Low temperatures, high consumption, and near full utilization of the production capacity at the power stations contribute to the situation that pushes electricity prices ever higher. 

Norway does not produce enough electricity to cover both consumption and exports. And to reduce exports, prices must rise to the same level as in Europe.

“What can help? More wind in Europe and, thus, increased wind power production. Higher wind power production can help significantly, but when it is cold, there is often high pressure and little wind,” he said.

New price records

In Southern Norway, electricity has never been more expensive. The existing record from Sunday – at NOK 1.87 per kilowatt-hour – has already been surpassed on Monday.

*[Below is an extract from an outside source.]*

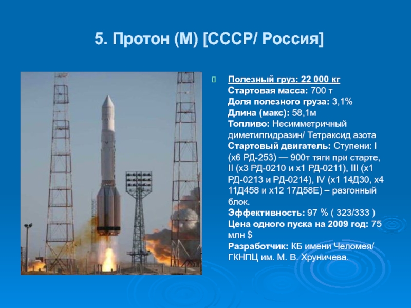 Разработчик: КБ имени Челомея/ ГКНПЦ им. М. В. Хруничева.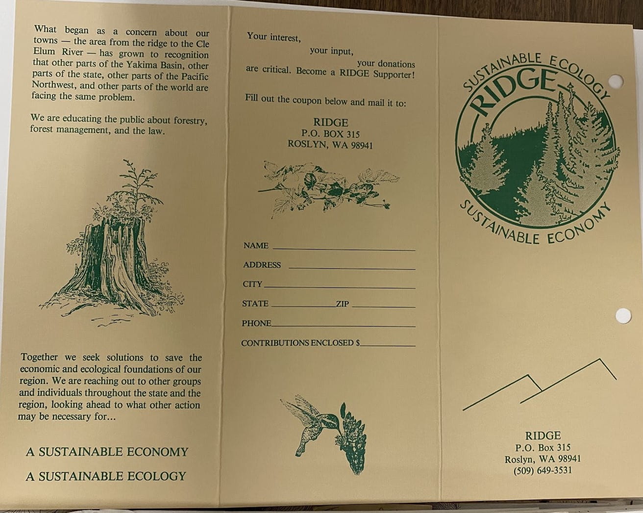 RIDGE’s connection to labor organizing is unique among other environmental groups of the time. Their alignment with the labor movement not only happened in practice through negotiating for union contracts, but through their philosophical positions. RIDGE challenged the notion that extractive economy workers and environmentalists have competing interests, and instead sought to harmonize the need for a sustainable forest economy among workers and those concerned with the environment. RIDGE’s motto, “Sustainable Ecology, Sustainable Economy”, is featured on material throughout the collection, including this pamphlet from RIDGE’s early years.

The average electricity price throughout the day will be NOK 2.56 per kilowatt-hour, E24 writes. This excludes grid rent, fees, and surcharges from the electricity company.

Electricity is most expensive between 5 PM and 6 PM, at more than NOK 4 per kilowatt-hour.

Lilleholt describes the situation as extreme and emphasizes that we could see new extreme situations during the winter. 

“If it gets colder, we can see new price records in January and February,” he says.

Situation in Europe

Europe, too, is bracing for increasing and lasting high electricity prices as the cold sets in. The situation could provoke protectionist measures in the power market and lead to consumers being asked to save on electricity and prepare for planned power outages as a last resort against high consumption, according to Bloomberg.

The principle of European solidarity – which is intended to prevent EU countries from restricting power exports at the expense of other countries – may face its first real challenge this winter.

“If it gets cold in Europe, there is no easy solution on the supply side; there will be a need for a solution on the demand side,” partner Adam Lewis in the brokerage Hartree Partners stated.